Similarly for SNR = 0, the log(1+SNR) is 0. For SNR < 1 (ie, SNR(dB) negative) the log(1+SNR) gets closer and closer to 0.

So, yes, indeed one can read (or as Shannon would say perfectly decode a signal or noisy information) for negative SNR's in dB. It happens all the time in for instance spread spectrum communications (which is a way of coding a signal, or generally, information). See an example further down. But actually there is a Shannon Limit, on what is called the SNR per bit, defined below as Eb/No. It is actually the most important entity.
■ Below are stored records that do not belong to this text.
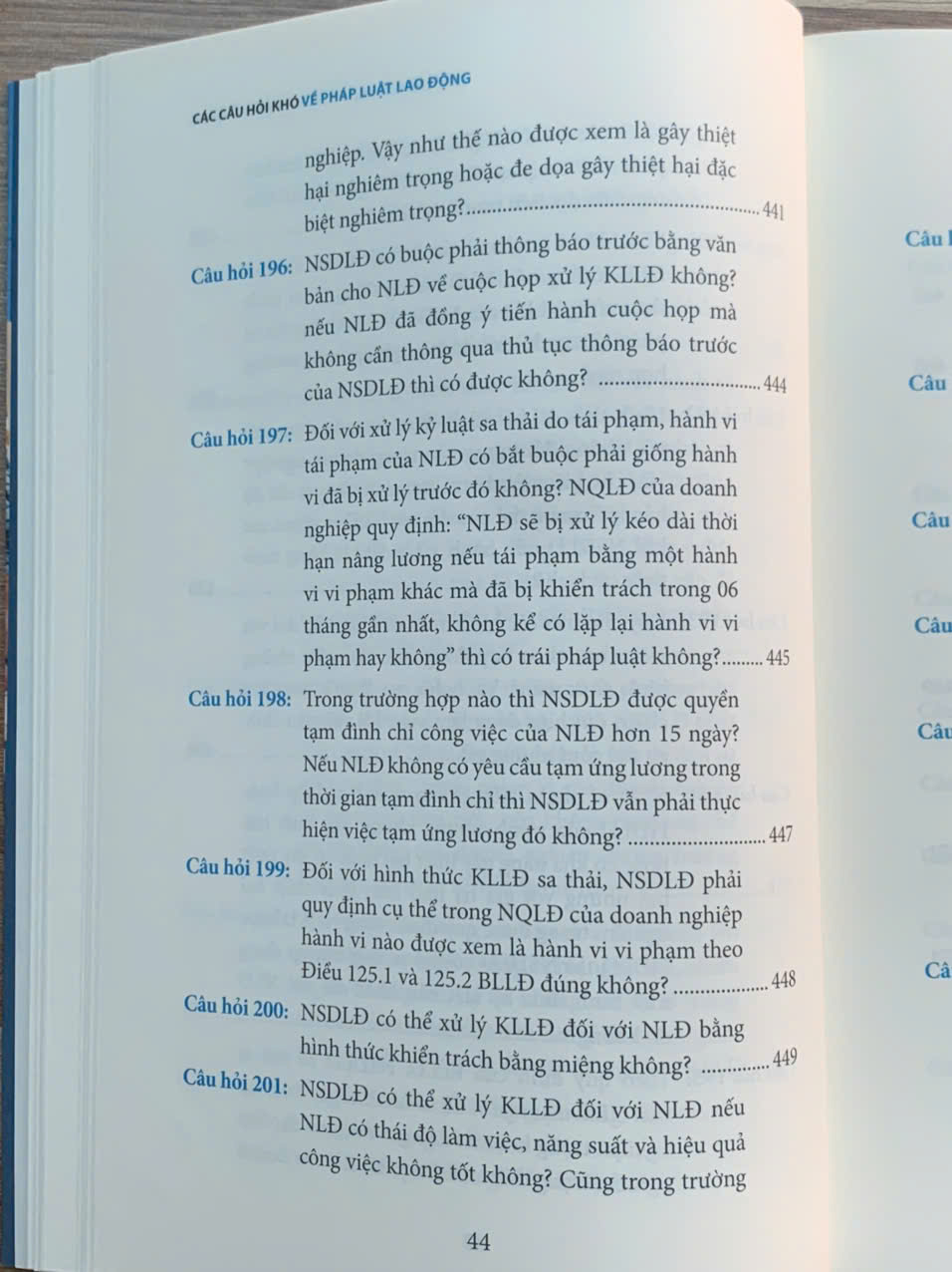 Các câu hỏi khó về pháp luật lao động Tác giả: Luật sư Nguyễn Hữu Phước Nhà xuất bản: Tổng Hợp Thành Phố Hồ Chí Minh Khổ sách: 15,5*23cm Công ty phát hành: Công ty
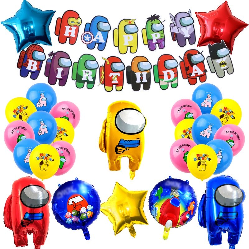 Комплект балони за рожден ден сред нас, банер Честит рожден ден, сред нас балони от алуминиево фолио, сред нас парти декорации, сред нас латексови балони
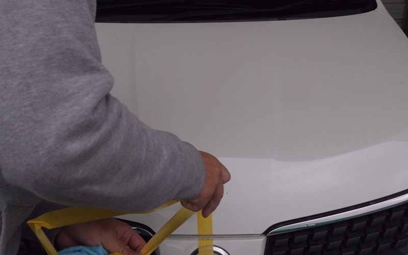 そうしたら汚れの落ち具合が分かりやすい白い車に施工していきます。
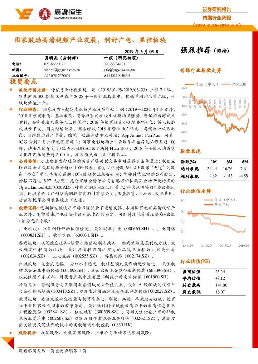 广证恒生证券研究所:传媒行业周报:国家鼓励高清视频产业发展,利好广电、显控板块.pdf
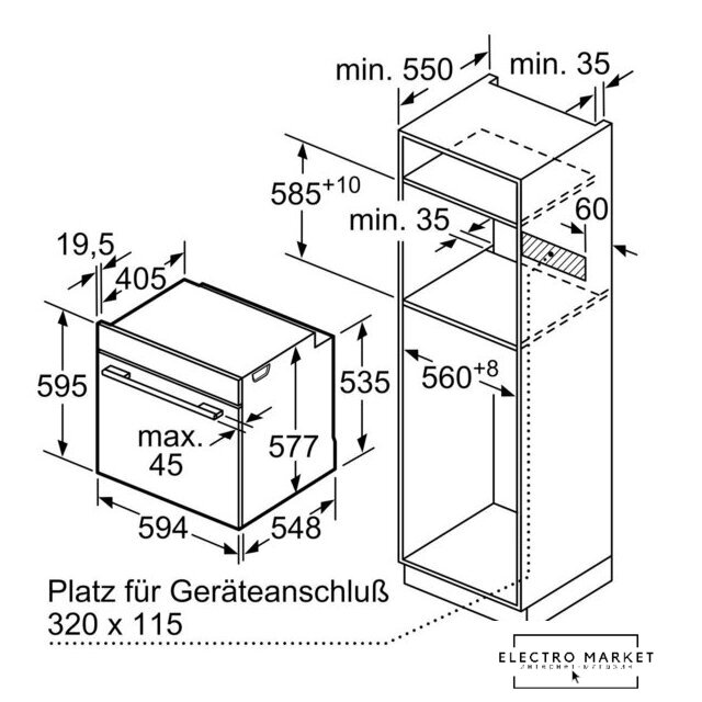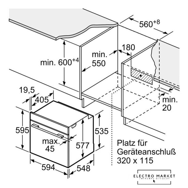электрический с конвекцией, микроволны, объем 68 л, 20 режимов, очистка паровая, 4 стекла в дверце, направляющие проволочные + телескопические (1 уровень)
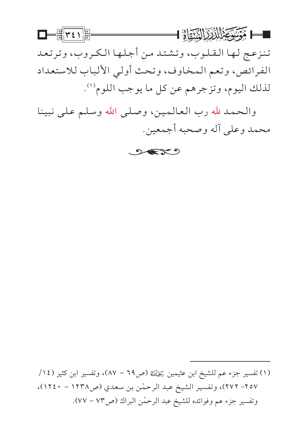 (¬١). تفسير جزء عم للشيخ ابن عثيمين - رحمه الله - (ص ٦٩ - ٨٧)، وتفسير ابن كثير (١٤/ ٢٥٧ - ٢٧٢)، وتفسير الشيخ عبد الرحمن بن سعدي (ص ١٢٣٨ - ١٢٤٠)، وتفسير جزء عم وفوائده للشيخ عبد الرحمن البراك (ص ٧٣ - ٧٧).
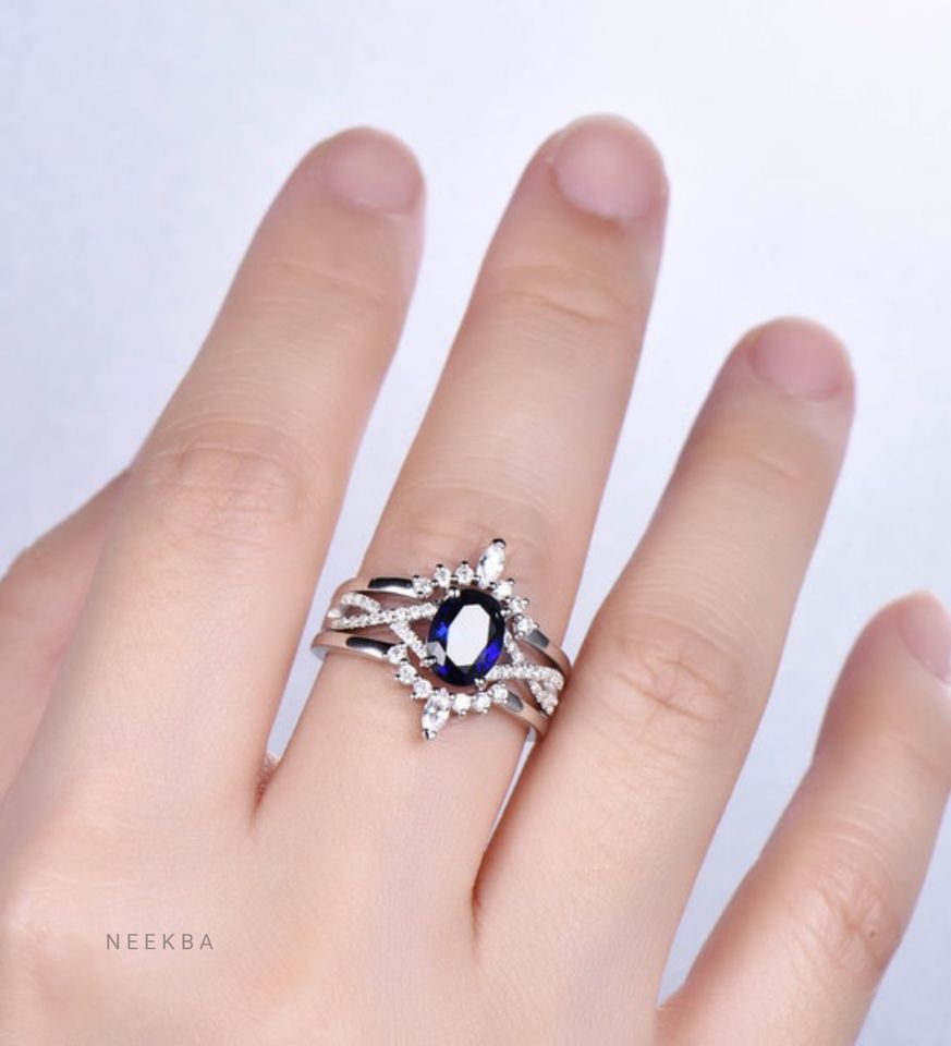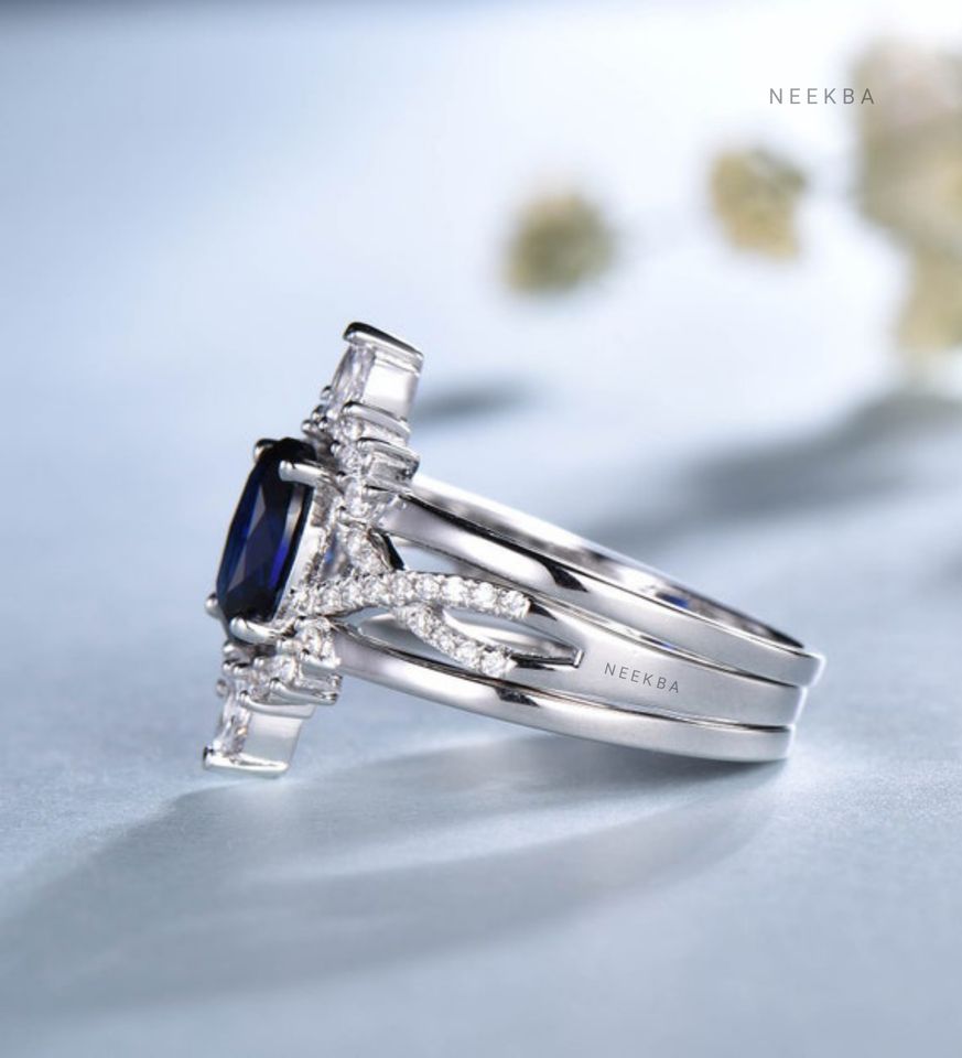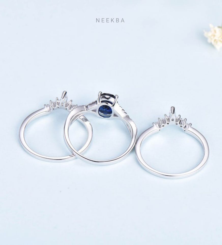 Ensemble de bague de mariage saphir bleuType d'anneaux

One can perfectly decode or read a signal or information down to that limit. Below the limit you cannot read without erros, and the erro rate increases exponentially.

A good way to see what really happens is to write Shannon's equation

C = B $log_2$(1+SNR)

as C/B = $log_2$(1+SNR),

and then using SNR = S/NoB (with No the noise power density) you get

C/B = $log_2$(1+S/NoB). Then, setting S = signal power = EbC, where Eb is energy per bit, and setting

z == SNR = Eb/No x C/B, (Eq. 1)

with Eb/No the SNR per bit, one gets

C/B = $log_2$(1+EbC/NoB) = $log_2$(1+z) = z $log_2$ $(1+z)^{1/z}$

so

C/Bz = $log_2$ $(1+z)^{1/z}$

or using Eq. 1

No/Eb = $log_2$ $(1+z)^{1/z}$

In the limit as B goes to infinity with a finite C, so C/B goes to zero, and so z goes to zero, so

one gets, since limit as z goes to zero of $(1+z)^{1/z}$ = e

so one gets

limit as B goes to infinity of Eb/No = 1/$log_2$ e = 0.693

or, as B goes to infinity Eb/No goes to 0.693, and Eb/No (in dB) = -1.6 dB

You cannot decode a signal (or information) where the Eb/No (dB)= SNR per bit = < -1.6 dB. If you plot B/C vs Eb/No, the asymptote is at -1.6 dB.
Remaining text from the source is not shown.